Emmanuelle Seigner affiche une nouvelle fois son soutien indéfectible à son mari, Roman Polanski. Dans une lettre parue dimanche 8 juillet 2018 dans le JDD, l'actrice de 52 ans rejette vivement l'invitation à rejoindre l'Académie des Oscars pour devenir votante. Invitée à devenir membre au côté de plusieurs autres personnalités internationales, la star française a choisi de dire "non merci !" afin de protester contre l'exclusion de son époux, mis à la porte de l'Académie le 3 mai dernier.
"L'Académie américaine des arts et des sciences du cinéma me propose de la rejoindre, en compagnie d'autres actrices, au nom d'une féminisation par ailleurs nécessaire. (...) Féministe, je le suis depuis toujours, mais comment puis-je faire semblant d'ignorer que l'Académie, il y a quelques semaines, a mis à la porte mon mari, Roman Polanski, pour satisfaire l'air du temps. La même Académie l'avait récompensé de l'Oscar du meilleur réalisateur pour Le Pianiste en 2003. Curieuse amnésie !", commence Emmanuelle Seigner.
Entre le prestige professionnel et l'amour, la comédienne a évidemment fait son choix. Mariée depuis 1989 à Roman Polanski, le père de ses deux enfants (Morgane, 25 ans et Elvis, 20 ans), Emmanuelle Seigner décrit une "proposition injurieuse" et "une insupportable hypocrisie". "C'est la goutte d'eau qui a fait déborder le vase de ma relative discrétion. Vous m'offensez alors que vous prétendez vouloir protéger les femmes", poursuit-elle, avant d'évoquer l'épisode de Zurich lorsque son mari avait été arrêté.

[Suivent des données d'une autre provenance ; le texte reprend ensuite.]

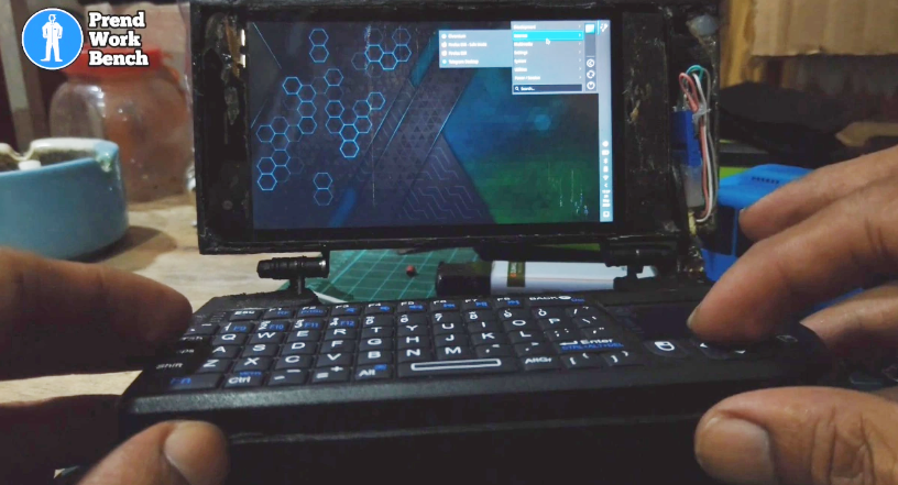 为了让这台机子有笔记本电脑的模样,该达人额外连接了一个带 Rii X1 蓝牙迷你键盘的键盘组件,内置 4000mAh 容量电池。

On voudrait aujourd'hui que je me désolidarise de lui ?
Roman Polanski est accusé d'avoir drogué puis violé une adolescente de 13 ans, Samantha Geimer, en 1977. A l'époque, il avait admis une relation sexuelle, après que les deux autres chefs d'accusation plus graves ont été abandonnés, puis avait été emprisonné un peu plus d'un mois en Californie. En 2009, il avait passé deux mois de détention en Suisse sur la base d'un mandat d'arrêt international lancé par la justice américaine qui le considère comme un fugitif depuis son départ pour la France en 1978. Entre 2010 et 2017, il a été accusé d'agressions sexuelles par plusieurs femmes, des faits qu'il conteste.
"On le décrit depuis son emprisonnement en Suisse comme le pervers qu'il n'a jamais été. Je suis la seule à pouvoir témoigner à quel point il regrette ce qui s'est passé il y a quarante ans. Et pourtant, je suis démunie lorsque la presse publie à son sujet des infamies, des témoignages mensongers, parle de femmes qui auraient été violées mais ne portent jamais plainte. (...) Samantha Geimer, sa seule et unique victime, demande depuis des années le classement de l'affaire, mais les juges et les médias refusent obstinément de l'entendre. Elle a accueilli avec indignation l'exclusion de Roman de l'Académie des Oscars", poursuit Emmanuelle Seigner.
L'actrice continue sa lettre en citant les "personnages féminins inoubliables" qui ont été créés par Roman Polanski au cinéma et interprétés par de nombreuses actrices, de Sharon Tate à Catherine Deneuve, en passant par Mia Farrow et Sigourney Weaver. "Et l'Académie des Oscars voudrait que je me désolidarise de cet homme ? Les artistes n'échappent pas à la justice ordinaire, bien sûr. A condition qu'elle ne devienne pas une justice d'exception, qu'elle ne viole pas sa parole et ses propres principes. Ce qui a été le cas à Los Angeles en 1977 après un premier séjour en prison qui devait être sa peine. Aujourd'hui, Roman a purgé plus que le maximum de la peine encourue pour la faute commise", écrit-elle.
Elle conclut : "Je comprends qu'il y ait un sérieux doute sur la justice des hommes. (...) Parfois, je croise son regard blessé. Parfois, il me stupéfie par sa douce fureur de vivre. Il n'y a que la vérité et ces mots que je viens d'écrire qui puissent apaiser ma douleur. Quant aux membres de l'Académie des Oscars, je n'ai qu'une chose à leur dire : vous n'aurez pas la femme que je suis."